Scala modularization and classpaths

eugene yokota edited this page Apr 18, 2019 · 6 revisions

Scala modularization, distribution, and classpaths

Scala modularization makes it necessary to deal with some existing issues that mainly relate to the (Java) boot classpath and to using Scala jars from a lib/.

Java boot classpath (bootstrap classpath)

The term "boot classpath" comes from Java's Bootstrap Classes, which are the classes that implement the Java Platform. By default, bootstrap classes are in the rt.jar and several other jar files in the jre/lib directory according to How Classes are Found.

javac supports programmers wanting to resolve boot class (or extension class) references using an alternative Java platform implementation by providing -bootclasspath options.

The Scala compiler also provides -javabootclasspath <path> flag to override Java boot classpath.

For the Java boot classpath, the scala script justs puts everything in lib/ on it. This is not the right thing to do because it makes classes not on the user's classpath available. It also forces a particular version of the config, JLine, and JAnsi libraries. (Currently Scala's JLine is in a custom namespace, but I believe a goal is to use the standard JLine.) I think it is closer to the right thing to do for the scalac script, because no user code runs and configures a particular classpath. (This is not strictly true with macros anymore, but I expect macros are discouraged from using JLine.)

I assume the original reason for putting anything on the boot classpath is to avoid some jvm overhead somewhere, perhaps class file verification. One possibility is to include something on the boot classpath only if it is on the normal classpath. Some things might automatically be added to the normal classpath, like scala-library.jar, but that is separate from the boot classpath issue.

Selecting Scala jars

There are various situations where a tool might need to select a set of Scala jars:

  • default library classpath: for example, sbt adds scala-library.jar when autoScalaLibrary := true
  • compiler classpath: the jars needed to invoke scalac on a user's project
  • repl classpath
  • cached Scala classpath: sbt creates a class loader with the standard Scala jars needed and keeps it around. "needed" is loosely defined, but this would be the library and anything needed for scalac or the repl. It may or may not include actors or other things split off with modularization.

There isn't much of a problem when dealing with managed dependencies, only the decision of what jars to include. For the default library classpath, I'd propose that the default be the minimal core, that this module be called scala-library, and that there be a scala-library-all or something to pull in all library components. For the cached classpath, I'd propose that it be scala-compiler-all, which includes everything that has previously been included (repl, scaladoc, maybe adding scalap?).
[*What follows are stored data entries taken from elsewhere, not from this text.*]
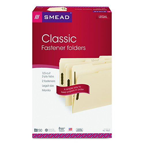 Smead Fastener File Folder, 2 Fasteners, Reinforced 1/3- Cut Tab, Legal Size, Manila, 50 Per Box (19537)
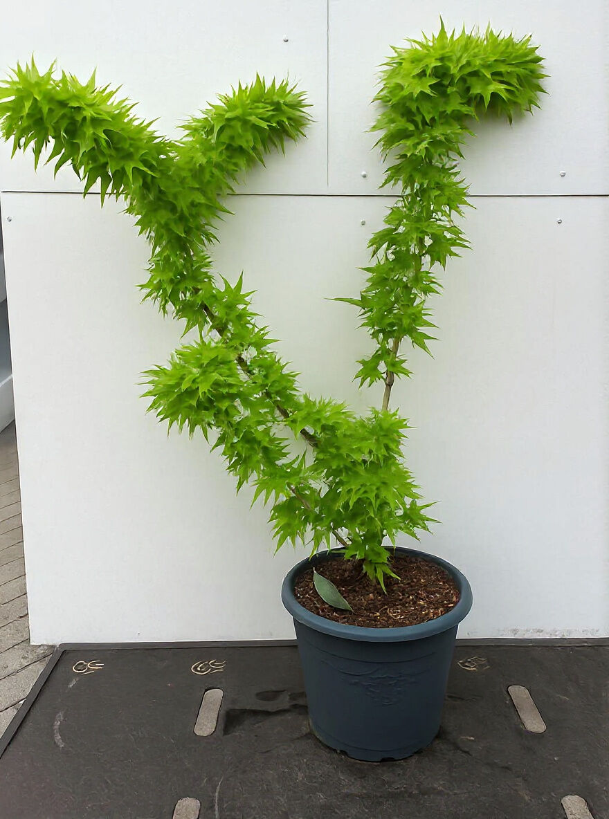 erweist. Die grasgrünen Blätter wachsen direkt anden leicht verdrehten Trieben und überdecken diese komplett. Im Herbst werden Sie sich an dem spektakulären Farbfeuerwerk der Blätter in goldgelben, orangefarbenen und roten Tönen nicht satt sehen können! Um bestens zur Geltung zu kommen, sollte der Grüne Zwerg-Fächer-Ahorn einen solitären und freien Stand im Garten genießen. Perfekt für Beete und Japangärten geeignet, aber auch als Kübelpflanze auf der Terrasse oder dem Balkon ein toller Hingucker! Insgesamt erweist sich dieses Prachtstück als gut winterhart. Sie werden von der unglaublichen Anziehungskraft und Wirkung des Grünen Zwerg-Fächer-Ahorns begeistert sein!
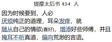 第一、厌烦纯正的道理,耳朵发痒;通常有头发异物或是小飞虫跑进人的耳朵,人感觉发痒不舒服,难以忍受时就会想办法清除;当他在清理耳朵的时候,别的声音或是别人对他讲话,他是听不进大脑的。末后的日子里,当人厌烦圣经福音真理的时候,他不想听但不正面的回绝,而是会做出一个耳朵发痒的反应动作,表示他根本不愿意纯正的道理进入他的头脑里。这种消极的反应其实就是一种借口,正如在路加福音14:16–20耶稣对律法师和法利赛人说了一个神国宴席邀请客人出席的比喻,主人派仆人出去邀请已经受邀的客人来坐席,结果他们都有借口推辞,不是买地看地、买牛试牛,就是刚才娶妻不能参加。他们拒绝了,当然也就得不到神所赐的福分。

I'm not sure about things like scala-actors or other optional components. Whatever is included here has to be downloaded by every sbt user whether they use it or not.

When it comes to the lib/ directory of a locally built Scala or a Scala distribution, things are harder. There is just the lib/ directory without any information. In the completely unmanaged use case, there is no knowledge of dependencies. So, it isn't possible to say "all jars needed to run scalac" or "all jars in scala-library"

In the case where someone is still using managed dependencies, such as taking an existing project and setting scalaHome to use a locally built Scala version, sbt will use the dependency information from the configured repositories, but substitute the jars from the local Scala. This of course will run into problems if the dependencies have changed in the locally built Scala version.